Trinidad & Tobago ready for a giant step-up
Despite being handed an incredibly tough pool in the second round of the IRB Women’s Sevens World Series, Trinidad & Tobago are determined to enjoy their time among the game’s elite.
There was much delight among the small women’s rugby community in Trinidad & Tobago when news filtered through that they had been chosen as an invitational team for the Houston round of the Series, though that delight was rather tempered by the news that they would face three of the leading sides.
New Zealand, champions from round one in Dubai, head their pool, which also contains England and the Netherlands, so head coach Kitty Andrews-Nero, is well aware of the daunting task ahead.
“It is a very tough pool but we expected that,” admitted Andrews-Nero.
“We knew that coming into the tournament probably ranked the lowest team we would be playing against sides like this, but we are not just there to lie down. We are going to give our opponents their due respect but we have set our own small achievable goals for each match and this tournament and that will be how we measure our success.”
Those goals include simply ensuring the team gains valuable experience from the tournament by testing themselves against the very best.

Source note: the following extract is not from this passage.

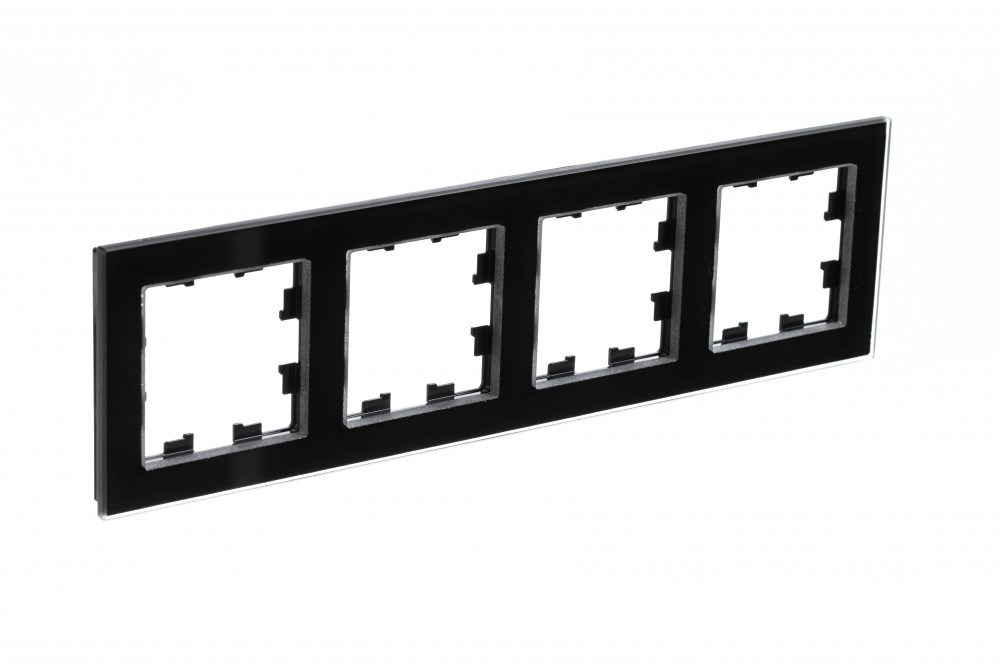 Рамка Systeme Electric (ранее Schneider Electric) серии AtlasDesign Nature (цвет стекло чёрный) 4-постовая.
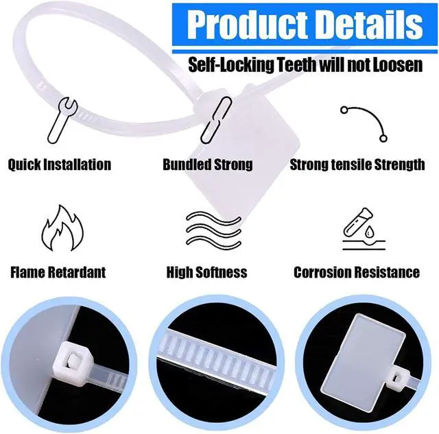 -?? Well-PACKED PACKAGE? A pack of 200pcs white nylon cable ties, free with 288pcs white cable labels, and 3 colors marker pens, 491 items in total, all put in a transparent strong opp bag and each item would keep in a separate plastic bag to avoid scratches during shipping. We must ensure it comes to you in good condition. Plus, all materials are eco-friendly and we promote environmental protection.

“We want to make the most of the opportunity we have to experience a new environment and to learn from the other teams and coaches. But most of all, it’s very important for us to use the tournament as a catalyst to reinvigorate women’s rugby in Trinidad & Tobago and we want to use our participation as a motivational to get more girls involved.”
While the women’s game in their country is growing slowly, Andrews-Nero says that the game remains very much in a minority.
“We have a well organised sporting environment here but rugby is still quite an unknown sport and there is an idea here that rugby is the sport that breaks the bones in your body! We have a challenge to grow the game here and we have to work very hard to get women involved in the game.”
Hard work paying off
“We have worked very hard to keep the game growing though of course it is difficult, as when you play a small number of tournaments each year it can be hard to generate motivation but we have always told ourselves that we would be rewarded for remaining disciplined and committed to our development and training.”
Indeed the side’s perseverance has been paying off, having reached the final of the NACRA Sevens in recent months with some impressive performances, and now being rewarded with a spot in Houston next weekend.
“We have never been on this kind of rugby stage and we welcome it knowing that for us it means a huge amount for the development of the game in our country and region. It is our responsibility now to not look back.”
Andrews-Nero believes that Trinidad & Tobago must adapt its style to be able to continue its progression at international level.
“We have always lacked the collective pace required for this format of the game and so we have to take the ball into contact a little more often than the average team. This is something we are working on and taking into consideration as we continue to develop the team.”
Players to watch out for in Houston include captain Juliana Straker, a key performer and leader for her team, newcomer Nicolette Pantor, who has shown huge promise at just 18, former top netballer Taliah Wilson as well as 2012 Player of the Year Alesha Bruce.
With the side heading to Las Vegas the weekend after Houston to take part in another Sevens tournament, it could be a heady few weeks for the side with so much hope.